Barriers of Microfinance Banks’ Credit Delivery to Small Enterprises: An Empirical Analysis from South-Western Nigeria

J.A Obadeyi
S.O. Ogbeide
A.A Akande
JEL codes: 
D1 - Household Behavior and Family Economics, D9 - Intertemporal Choice and Growth.
This study empirically investigated the barriers of Microfinance banks’ credit delivery to small enterprises in Nigeria. The areas of study were Lagos and Ogun States. The population of the study was made up of all the Microfinance banks in Lagos and Ogun States in the South –Western Nigeria. A sample of eight (8) microfinance banks were chosen; with five (5) from Lagos State and three (3) from Ogun State using the purposive sampling method. The choice of the sample size was predicated on ability of the researchers to access financial statements of the selected microfinance banks in the two selected states in the South –Western, Nigeria.
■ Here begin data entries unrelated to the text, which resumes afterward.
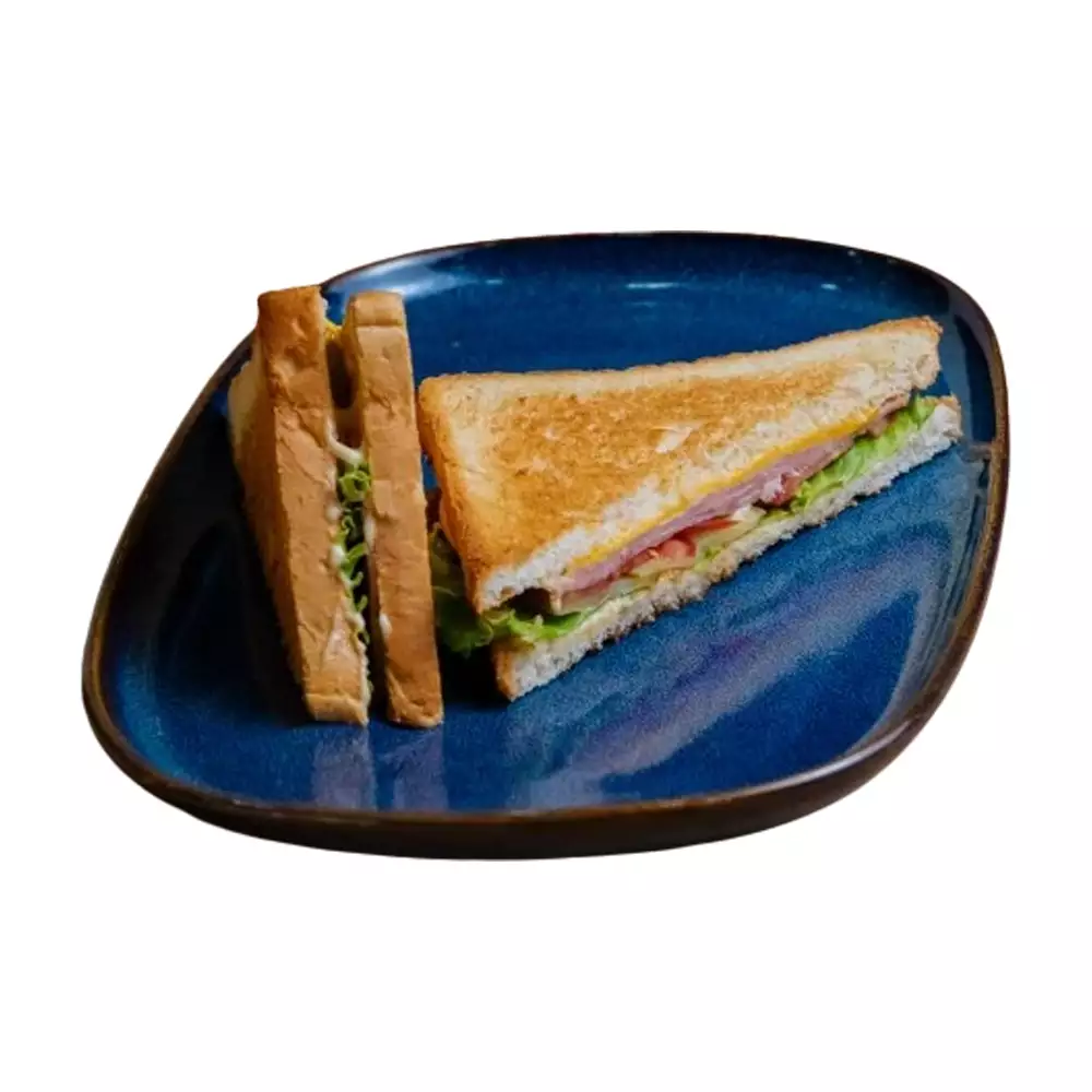 Состав: тост, ветчина, сыр, помидоры, лист салата, кетчуп, майонез
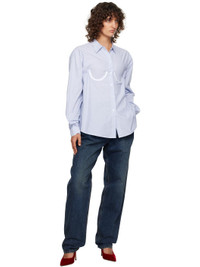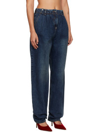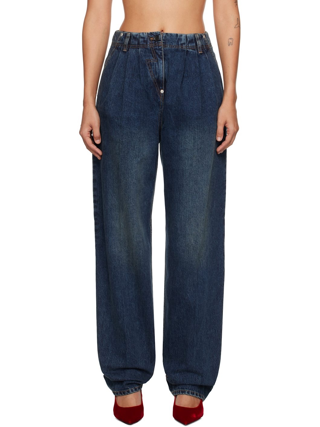 Relaxed-fit tapered non-stretch denim jeans. Fading throughout. · Belt loops · Three-pocket styling · Zip-fly · Pleats at front · Creased legs · Logo patch at back waistband · Contrast stitching in tan Supplier color: Dark blue 100% cotton. Made in South Korea 242252F069018
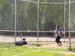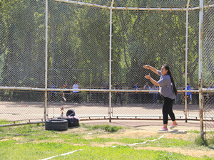 春季运动会学生女子铁饼决赛激烈进行中,4月27日上午,海角社区
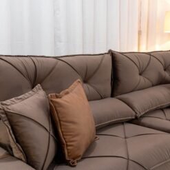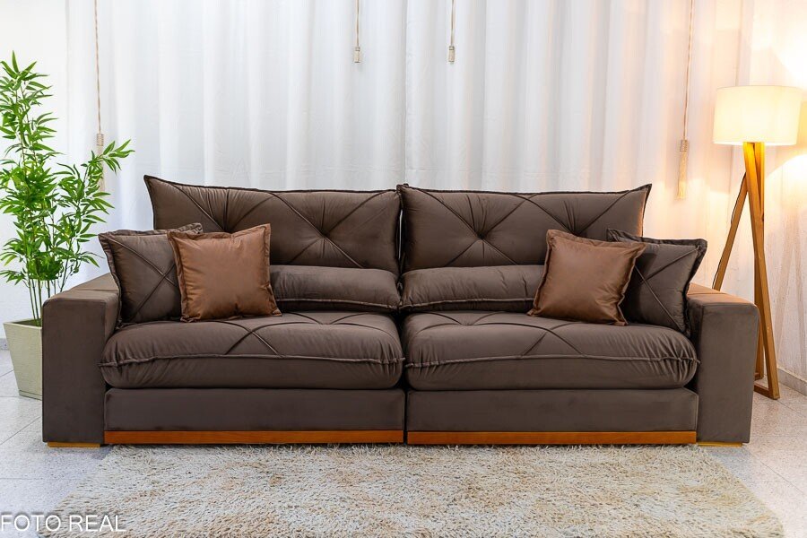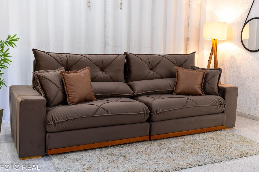 3{%%}Descrição#Benefícios das molas ensacadas{%%}Sofá Retrátil Reclinável Gran Bello 2.90m Veludo Marrom – Molas Ensacadas
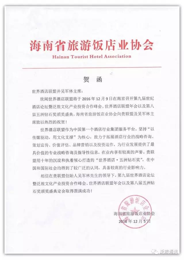 “第九屆世界酒店論壇大會暨泛旅文化產業投資合作峰會”將于2016年12月9-10日(8日報到)在南京東郊國賓館舉辦。
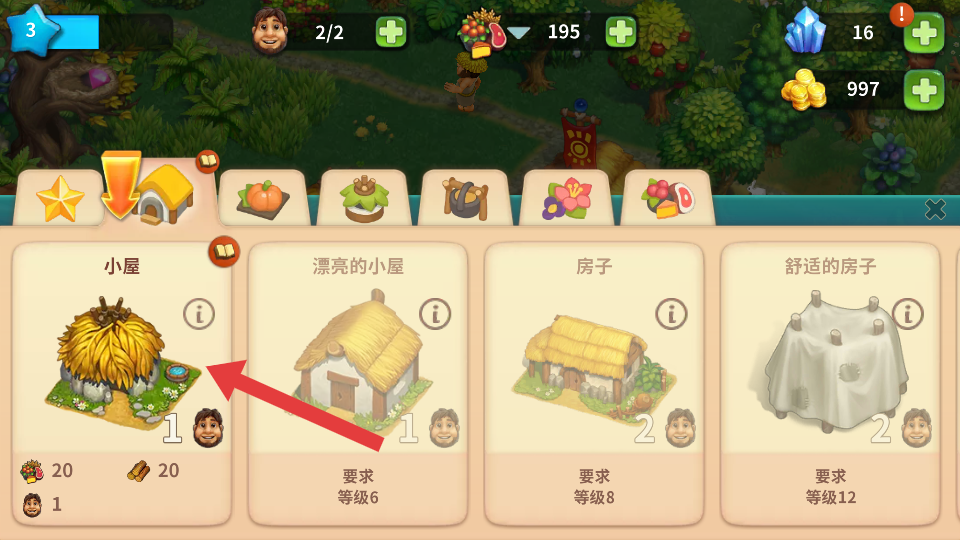 3、在建筑选择界面,找到符合任务要求的【小屋】,确认所需资源为【20】果实、【20】木材和【1】人口后,点击选取。
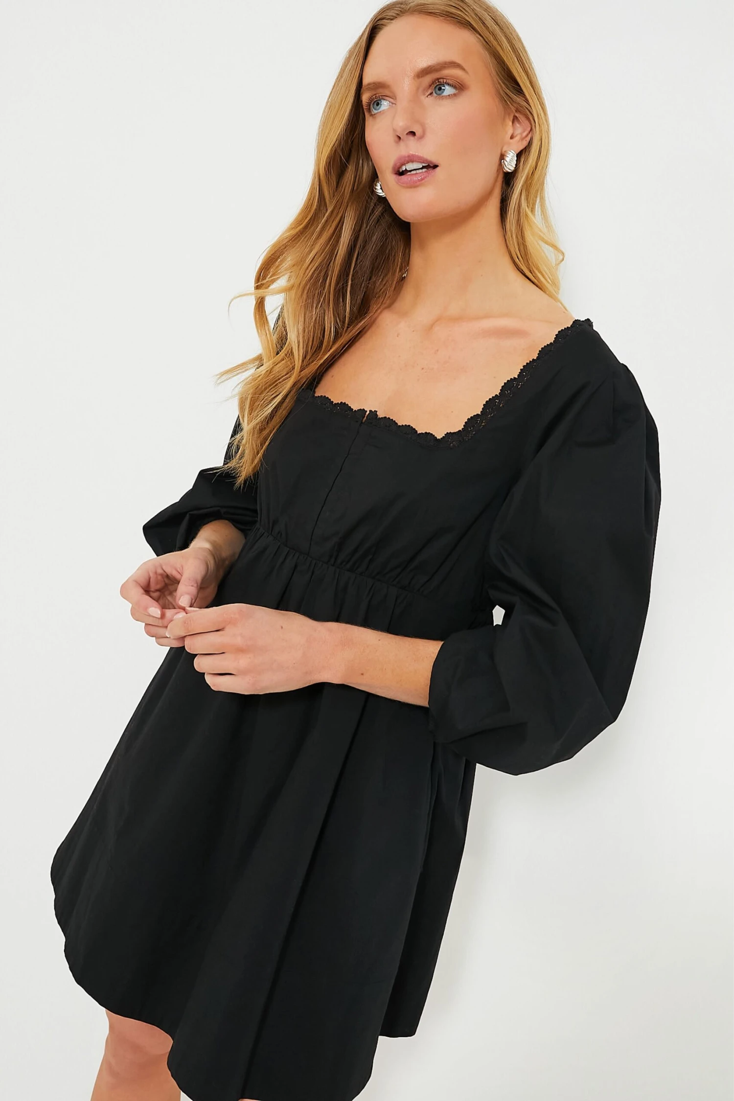 Classic, sleek, and effortless, the Black Jenny Dress is the easy style that we know will live in your closet for years to come. Featuring a chic babydoll silhouette, a flattering square neck with a lace trim, functional side pockets, and dramatic elbow length puff sleeves, this versatile mini seamlessly transitions from day to night. We love wearing it with sneakers and a tote for an easy daytime look and switch to sandals and statement jewelry for a night of cocktails and celebration with friends.
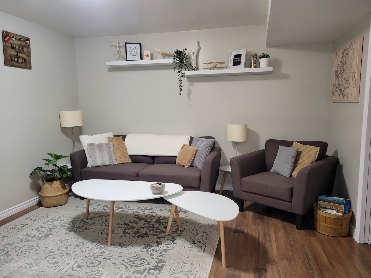 Բարի գալուստ այս բոլորովին նոր մասնավոր հյուրերի առանձնաբաժին ՝ ցերեկային մեծ պատուհաններով և առանձին մուտքով ։ Անկախ նրանից, թե դուք գտնվում եք քաղաքում, այցելում եք ընտանիք, կարճաժամկետ աշխատանք կամ վայելում եք այն բոլոր գործողությունները, որոնք առաջարկում է Kamloops - ը (Sun Peaks լեռնադահուկային սպորտ, լեռնային հեծանվավազք և այլն), այս հավաքակազմը ձեզ տրամադրում է ողջունելի հանգիստ ՝ ամեն ինչ ինքնուրույն վայելելու համար: Կամլոոպսի նորագույն թաղամասերից մեկում կա լիովին կահավորված խոհանոց (այդ թվում ՝ Nespresso սուրճ և Tazo թեյ), արագ Wi - Fi և ավտոկայանատեղի:
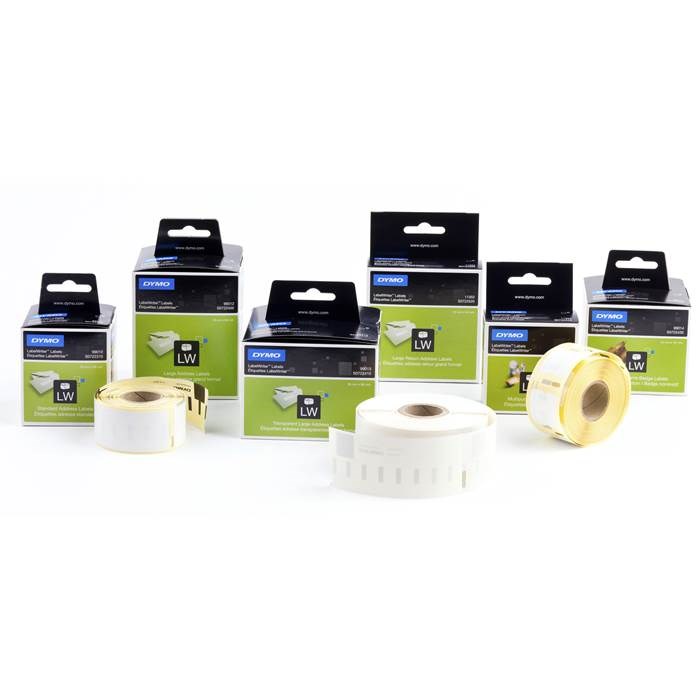 Självhäftande etiketter i löpande bana till Dymo LabelWriter etikettskrivare. Flera olika storlekar för olika användningsområden. Tydliga och läsbara texter.
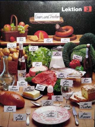 私が、一番好きなページ(笑)チーズは、デア ケーゼとか、お皿は、デア テラーとか、実物と一緒に単語を覚えると頭に入ります。
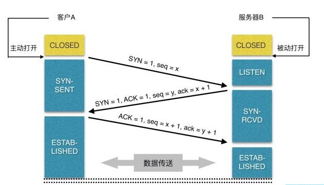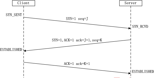 第一次握手:客户端A将标志位SYN置为1,随机产生一个值为seq=J(J的取值范围为=1234567)的数据包到服务器,客户端A进入SYN_SENT状态,等待服务端B确认;
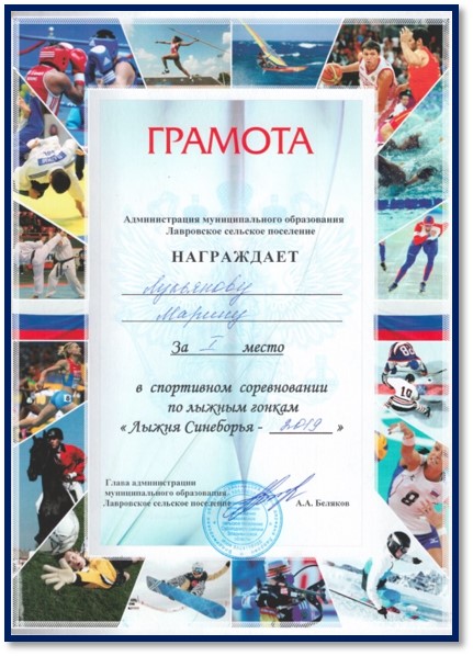 Грамота за участие в спортивных соревнованиях «Лыжня Синеборья»

Primary data was used through a structured questionnaire. Total of forty (40) questionnaires were administered to the respondents, consisting of MFBs staff – branch managers, operation managers, risk managers, and credit officers who examined and administered credit applications from small enterprises’ owners on behalf of bank management on a one-on-one basis. Mean ranking and factor analysis were used to analyze the data. Findings revealed economic recession as major barrier confronting MFBs in credit delivery to small enterprise owners. The study concluded that despite the roles of MFBs to provide loans and other financial services to small enterprises operators, the sector was faced with different barriers thereby limiting their financial performance. The study recommended that Central Bank of Nigeria (CBN) should adopt a holistic approach on how barriers confronting MFBs would be drastically reduced, controlled and managed to improve MFBs operations.